When Sam and Justin were hugging, Sam could smell Justin’s cologne. It gave her that feeling inside. It was a feeling that she hadn’t gotten inside for years. Now, she felt it again. She was scared. She didn’t want that feeling. That feeling caused her an immense amount of pain; physical and emotional.

“Dude. What are you wearing? It smells good. . .”
“Well, even though I know you were trying to rape my shitty fro, and I’m now officially frightened, I’m wearing ‘Pleasures’.”
“For men?”
“No, ‘Pleasures’ for women,” Justin responded sarcastically.
“Gee Justin. . . I didn’t know your boat floated on that river. . . “
“You need help. . .”
“OK. Sure. Well, now that my new name is bitch, I can finally call you my name that I’ve had for you for the past year or so. . .”
“What’s my name. . .?” Justin asked, almost scared to find out.
“Bitch boy.”
“What?! That’s weak. You bit off mine!”
“Look, Elmo, take it easy. First: I had ‘bitch boy’ even before I met your bitch boy ass, K? Second: Would you rather prefer something along the lines of ‘man-whore’?”
“Wait. . . Where’d Elmo come from? Isn’t that Joey?”
“Yea, so? I mean sure, Joey used to have the red hair, he sounds kinda like Elmo, he looks cuddly like Elmo, but when I look at you and think ‘Elmo’, it clicks.”
“Ummm. . . . . Okaaaaay. . . . “
“I’m weird, I know and I don’t care.”
“You don’t care at all?”
“No, and you shouldn’t care either.”
“What makes you think that I do care?”
“How you’re always changing your hair and style. . .”
“What?! I change myself because change is good.”
“No, you change yourself because you’re insecure that if, God forbid, you stay with a certain style for too long, people might stop liking you.”
“That’s not true. . .”
“Yes, it is.”
“No, it’s not.”
“Yes, it is.”
“No.”
“Yes.”
“No.”
“Yes.”
“No.”
“No.”
“Yes. Wait! You tricked me, Bitch!”
“No, you fell for it. That means that it’s true.” “Prove it. . . . .”
“You said that you have a shitty fro. . .”
“So?”
“I happen to like your hair.

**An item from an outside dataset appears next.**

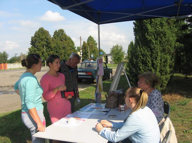 У рамках заходу директор центру зайнятості Ірина Анатоліївна Овадюк з фахівцями ознайомили присутніх з актуальними вакансіями на ринку праці району та за його межами, порядком реєстрації громадян, які звертаються за сприянням у працевлаштуванні до Державної служби зайнятості, пропозиціями тимчасової зайнятості (громадськими та тимчасовими роботами).

Even more when it’s au natural.”
“And by that you mean. . . . . . ?”
“I mean I like your fro when it’s all big and poofy. Ya know? Like the ‘I just got outta bed’ look?”
“Ohhhh. . . . Yeah, Britney said that she didn’t like that, so I had to cut it.”
“So, Britney didn’t like it?”
“Yea.”
“I’m sorry. . . “
“For what?”
“For bothering you. I won’t talk to you for the rest of the flight.”
“What?! Why?! I like your company.”
“So now you like my company, huh?”
“Yeah. Why would you wanna leave me alone, anyway?”
“Cuz, I guess if you love someone enough, you’ll actually chop off your hair. That’s what you would do for someone you love.” “Wanna hear the truth?”
“What?”
“I was gonna get my hair cut anyway, so when she told me to, it looked like I loved her so much that I would actually cut my infamous fro for her.”
“Really?”
“Yea. . . “
“Cool. . .”
“I’ll grow it out for you if you want. . . “
“Why would you do that for me ?”
“I dunno. . . Cuz I feel like it.”
“But you don’t even know my name. . . “
“Wait. . .You’re right. . . What’s your name?”
“Haha. . . Samantha, but just call me Sam.”
“OK. Now I can grow out my fro for you.”
“Really?!”
“Yea. Why are you so happy? Are you a fan?”
“Well, of your music, and plus I see you guys everywhere so I like to see you at least good-looking.”
“Are you not a fan of us?”
“Well, I don’t really know the others. So, I don’t know.”